Une série spéciale du Lancet, hebdomadaire de référence en matière de recherche médicale internationale, a été consacrée à la maïeutique en 2014 (The Lancet, 2014). Il est question de développer le sens attribué à la maïeutique. Les auteurs de cette série se sont basés sur des définitions internationales et sur une analyse de la pratique de sage-femme, pour identifier des éléments susceptibles de caractériser la maïeutique. Il est proposé une définition de la maïeutique qui pourrait être :

« les soins spécialisés, basés sur la connaissance et attentionnés pour les femmes enceintes, les nouveau- nés et leurs familles pendant la période précédant et durant la grossesse, l’accouchement, les suites des couches et les premières semaines de vie. Cette pratique consiste essentiellement à optimiser les processus physiologiques, biologiques, psychologiques, sociaux et culturels de la reproduction et de la petite enfance, mais également à prévenir et à prendre en charge rapidement les complications, à consulter et orienter les femmes vers d’autres services, à respecter la situation et les points de vue individuels des

femmes, et à travailler en partenariat avec elles pour renforcer leurs capacités à prendre soin d’elles-mêmes et de leurs familles » (The Lancet, 2014, p. 3).
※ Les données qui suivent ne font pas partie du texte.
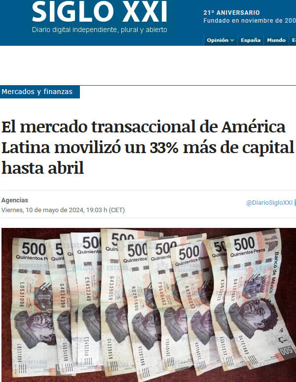 El mercado transaccional de América Latina ha registrado hasta abril un total de 809 fusiones y adquisiciones, entre anunciadas y cerradas, por un importe agregado de 18.590 millones de dólares (17.247 millones de euros), lo que implica un descenso del 20% en el número de transacciones y un aumento del 33% en su importe, con respecto a abril de 2023.
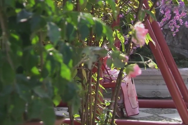 跟着箫声寻去,只见一身淡粉色衣裙的女子坐在秋千上,轻轻摇摆,好像在风中的弱柳迎风,一双玉足前后摆动,光是看着美景,就让人爱不释手了。再听这箫声,不得不让人想要知道,这到底是哪一位俏丽佳人啊!真真是万绿丛中一点红。
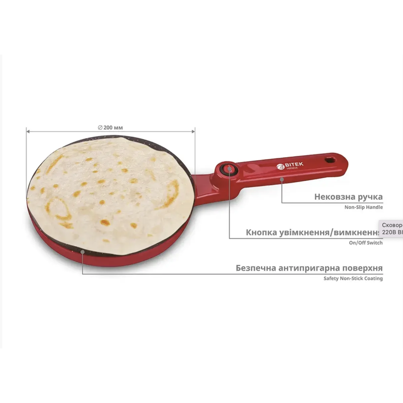 Опис Сковорода для млинців електрична 1600Вт 220В BITEK BT-5209/ 6780 (16)
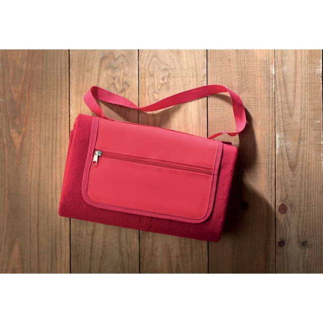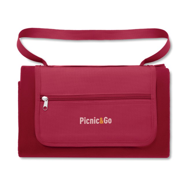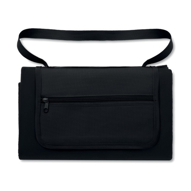 Coperta pieghevole in pile con retro in PEVA rivestito resistente all'acqua.
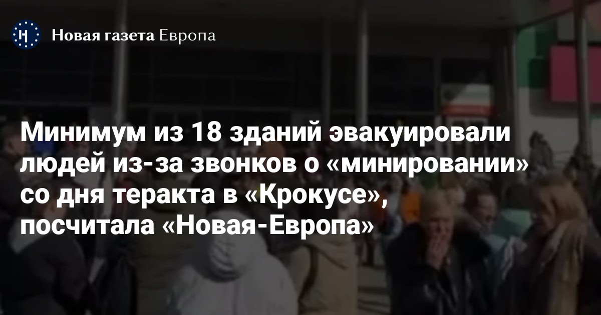 С 22 марта, когда в «Крокус Сити Холле» произошел теракт, в Москве, Санкт-Петербурге и других российских городах минимум из 18 зданий эвакуировали людей из-за звонков о «минировании», посчитала «Новая газета Европа».

Il est aussi suggéré que la maïeutique pourrait bénéficier d'une exploration plus détaillée afin de définir le concept, aussi bien dans le contexte de la pratique clinique, éducative, cadre et de recherche. L’exercice de la maïeutique est synonyme de métier technique et humain à la fois, au carrefour de la gynécologie, de l’obstétrique, de la pédiatrie, de la psychologie, des sciences humaines et sociales. La maïeutique comprend à la fois une partie scientifique et une pratique. Les sages-femmes ont un rôle de dépistage et de prévention essentiel, avec une approche globale du couple et plus largement de l’entité familiale, un suivi médical de la physiologie et un passage de relais au médecin lors du dépistage de toutes situations pathologiques. La maïeutique des sages-femmes peut donc être affiliée à un métier de la santé puisque la logique démontre qu’elle en a les caractéristiques.